What brings me, with my particular history, at this time in history, to this shared learning space? I’ve been thinking about the anxiety of scribes at the dawn of the printing press age (who not only saw their life profession threatened, but probably found those printing presses quite incomprehensible). These thoughts led me to revisit a book by historian Thomas Cahill, who offers evocative images of 5th century Irish monks, sitting in the woods, by the sea, or in small rock shelters, hunched over whatever quality of vellum they could find, carefully copying Greek philosophy, natural history and Judeo-Christian scriptures as the conquering Germanic tribes destroyed the precious libraries of the decaying Roman Empire on the continent. Cahill argues that the efforts of these focused technicians (who were also artists and commentators) preserved an essential record of human endeavor and thus “saved western civilization.”

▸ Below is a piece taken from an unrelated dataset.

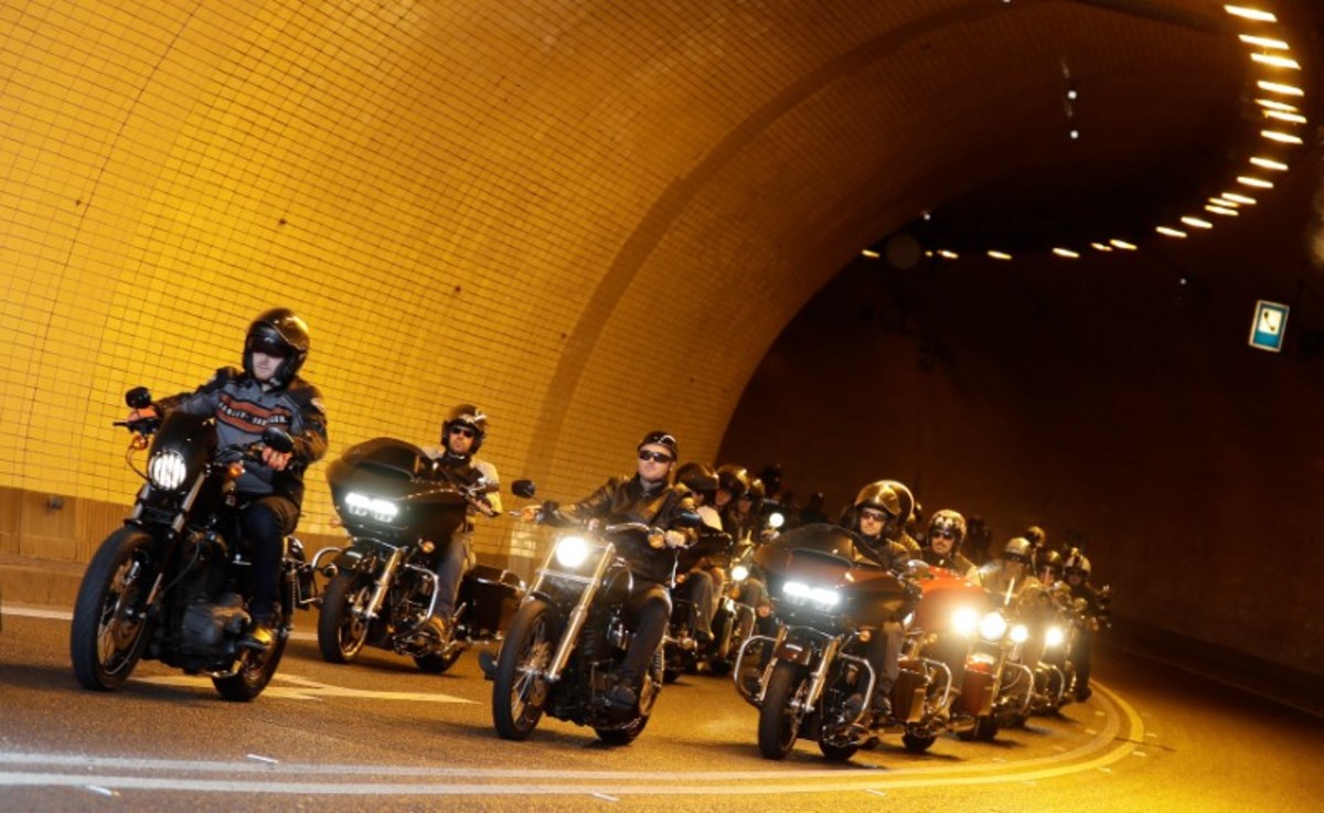 Some 4,000 bikers chosen in a lottery and clad in leather, denim and helmets of all sorts paraded through the city center on Saturday, revving motors and honking horns.
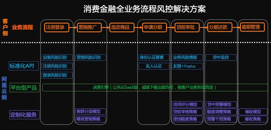 以消费金融业务场景为例,阿里云金融风控服务贯穿业务全生命周期,在不同的业务环节可以用到的产品和服务如下图所示:

However accurate this historian’s grand tale, this story helps me reflect on my background and context--my “social location.” I am descended from people with the names of O’Brien and Powers who joined the mass migration from Ireland to the United States during the mid-19th century “Great Famine” following centuries of British colonial oppression. These poor immigrants survived in their adopted country as mostly nomadic day laborers and field hands well into the latter part of the 20th century, and gained minimal security with the advent of welfare state provisions under U.S. president Franklin Roosevelt. They taught me only two explicit prejudices -–I shouldn’t trust either the English or the Republicans (I try to unlearn both, but there are surely residuals). As the first in my family to complete a college degree, I remain keenly aware of the injuries of class, even while attaining an advanced degree in Sociology and tenured professor status at a small rural state university in Oregon, and serving on statewide boards and commissions making policy for higher education in the state. My early association with the Catholic Church, and its social justice teachings, propelled me both deeply into the Church (as a member of a women’s religious order), and out of it --when it became too difficult to reconcile my growing feminist consciousness with the Church’s official views on woman and leadership. (Check out cartoonist Mark Fiore's provocative interpretation).

Throughout my studies and teaching, I have been drawn to investigating the uses of power and privilege and their often oppressive consequences. I know I have a lot to learn about my own complicity, as a white, educated, western citizen in continuing inequalities around the globe. So my history, my culture, my gender, race, and social class all come together here, providing a partial lens through which to view digital divides, open source publishing, and the transformation of education. The sharing perspective, which comes through so strongly in the invitation to this MOOC, resonates strongly. Spreading these tools around, sharing conversations about how the tools can contribute to better learning and living—sounds great to me. I am reminded of a quotation attributed to Auntie Mame that I first heard uttered by Barbra Streisand in the 1969 film Hello Dolly. In Streisand’s version, “money is like manure. It’s not worth a thing unless it’s spread around, encouraging young things to grow.” An earlier version of this sentiment is attributed to 17th century Francis Bacon, which only emphasizes the sharing made possible by the Internet. I’m in.